If long feed lines are used in the infusion system, more resin will need to be mix into the system to compensate for the resin that will remain in the feed lines. The resin has a limited amount of time in which it will remain in its liquid state. This amount of time is referred to as the pot life of the resin.
The amount of time that the resin will remain usable will likely be less then the stated pot life of the resin. The time spent degassing the resin and the time it takes to fill the mold will use up some of the usable time of the resin. If the fill time is close to the stated pot life, the resin will begin to thicken.
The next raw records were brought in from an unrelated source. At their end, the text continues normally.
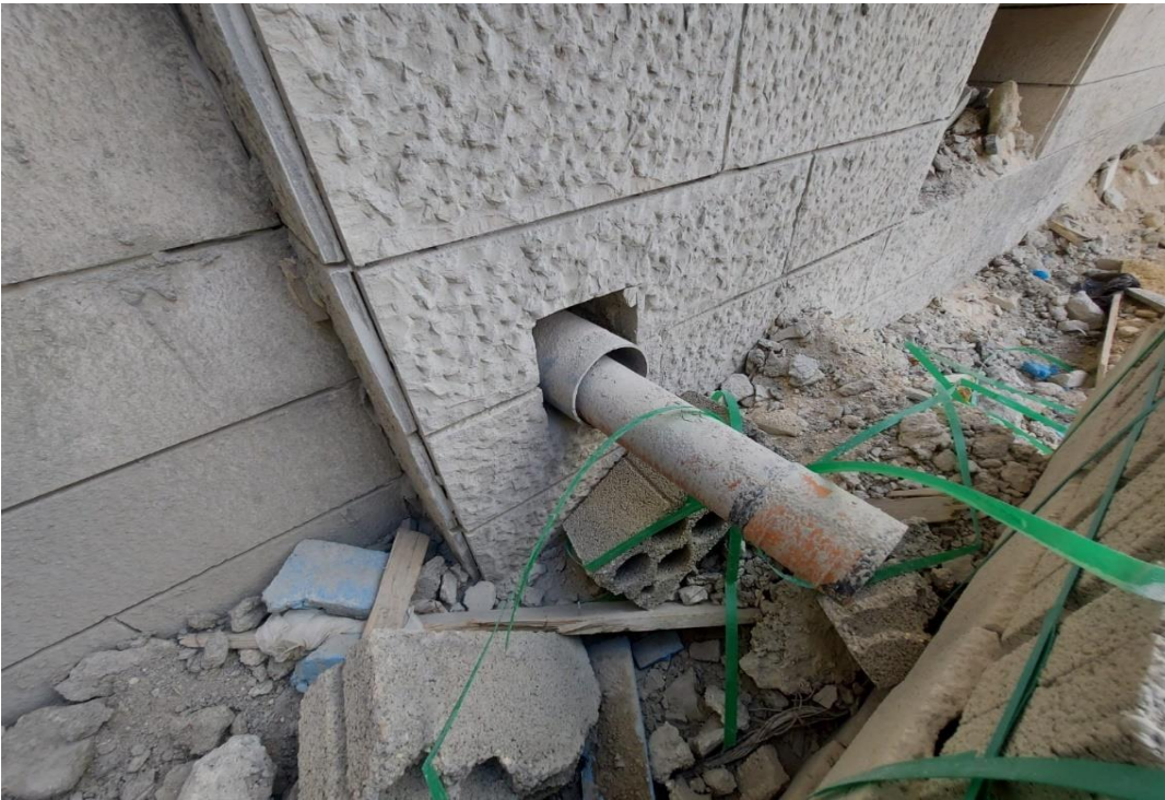
Broken stone around the outlet pipe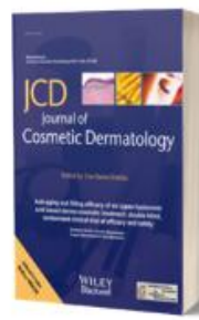
Journal of Cosmetic Dermatology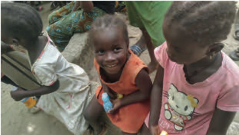
Hope House Orphanage in Gambia

The Giving Hope Community Center opens summer of 2018 to give individuals and families the opportunity, resources and tools to improve their lives and the lives of the 9th ward community. Our groundbreaking project will host a summer camp that will provide hot meals, recreation, and a safe environment for 100 children.

Additionally, if the temperature in the infusion area drops, the resin will flow more slow. If the resin flows slowly, it may begin to harden before it reaches the end of the mold. Thus, you should of included some extra time in the infusion system to account for these issues.
For the infusions of large parts, use staged batching of the resin instead of batching the resin into one large batch. If one batch of all of the resin is mixed together, the chemical reaction will cause the resin to cook itself before it reaches the mold. By batching the resin into smaller batches that are mixed at different times, the temperature and viscosity of the resin will remain steady.
By accounting for the weight of the fiber, line loss, flow media, and the pot life of the resin, resin will flow steadily from the mold to each part of the mold. Alot of people forgets that the resin needs to flow smoothy. Its important to monitor the process.